MapReduce has created some excitement in the relational database community. Dave Dewitt and Michael Stonebraker’s MapReduce: A Major Step Backwards is perhaps the best example. In that posting they argued that map reduce is a poor structured storage technology, the execution engine doesn’t include many of the advances found in modern, parallel RDBMS execution engines, it’s not novel, and its missing features.
In Mapreduce: A Minor Step Forward I argued that MapReduce is an execution model rather than storage engine. It is true that it is typically run over a file system like GFS or HDFS or simple structured storage system like BigTable or Hbase. But, it could be run over a full relational database.
Why would we want to run Hadoop over a full relational database? Hadoop scales: Hadoop has been scaled to 4,000 nodes at Yahoo! Scaling Hadoop to 4000 nodes at Yahoo!. Scaling a clustered RDBMS too 4k nodes is certainly possible but the high scale single system image cluster I’ve seen was 512 nodes (what was then called DB2 Parallel Edition). Getting to 4k is big. Hadoop is simple: automatic parallelism has been an industry goal for decades but progress has been limited. There really hasn’t been success in allowing programmers of average skill to write massively parallel programs except for SQL and Hadoop. Programmers of bounded skill can easily write SQL that will be run in parallel over high scale clusters. Hadoop is the only other example I know where this is possible and happening regularily.
Hadoop makes the application of 100s or even 1000s of nodes of commodity computers easy so why not Hadoop over full RDBMS nodes?
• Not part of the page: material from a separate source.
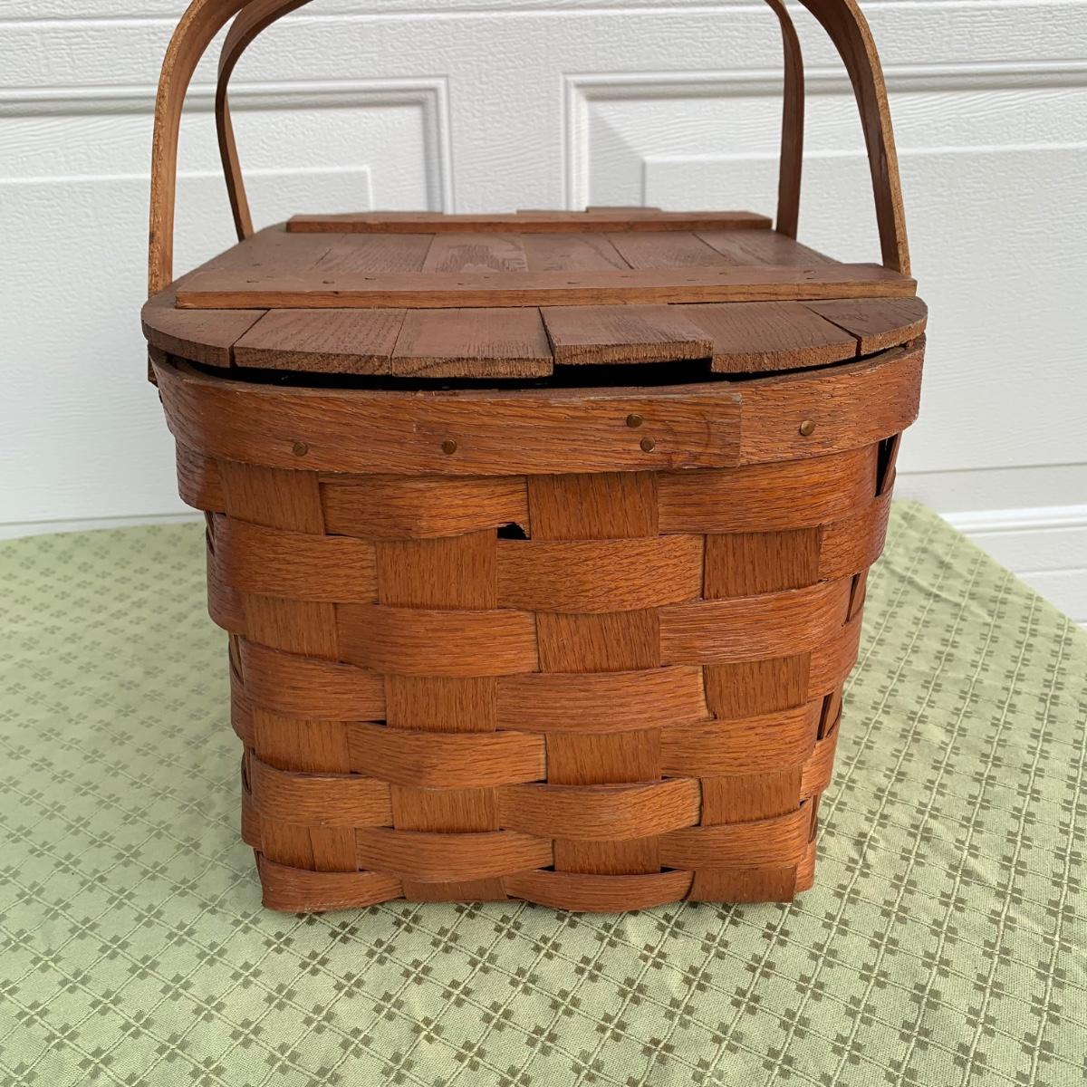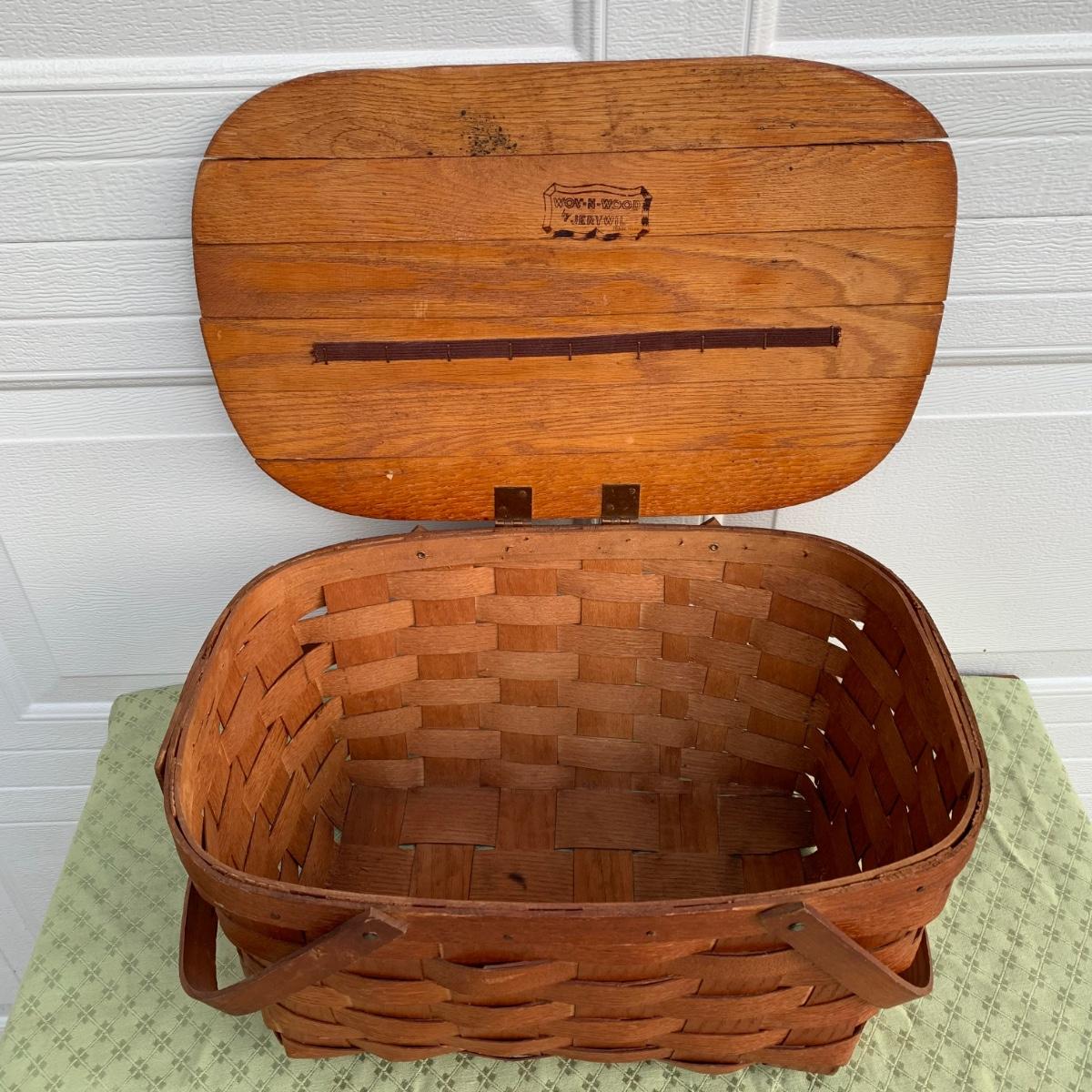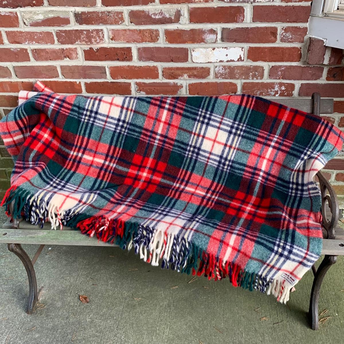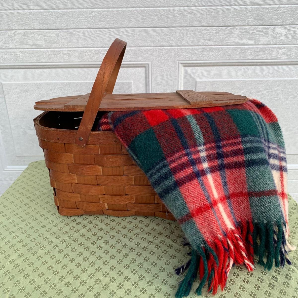 LOT 220R: Vintage Picnic Basket and Troy Robe 100% Wool Blanket

Daniel Abadi and team from Yale and Brown have done exactly that. In this case, Hadoop over PostgresSQL. From Daniel’s blog:
1. A hybrid of DBMS and MapReduce technologies targeting analytical query workloads
2. Designed to run on a shared-nothing cluster of commodity machines, or in the cloud
3. An attempt to fill the gap in the market for a free and open source parallel DBMS
4. Much more scalable than currently available parallel database systems and DBMS/MapReduce hybrid systems (see longer blog post).
5. As scalable as Hadoop, while achieving superior performance on structured data analysis workloads
See: http://dbmsmusings.blogspot.com/2009/07/announcing-release-of-hadoopdb-longer.html for more detail and http://sourceforge.net/projects/hadoopdb/ for source code for HadoopDB.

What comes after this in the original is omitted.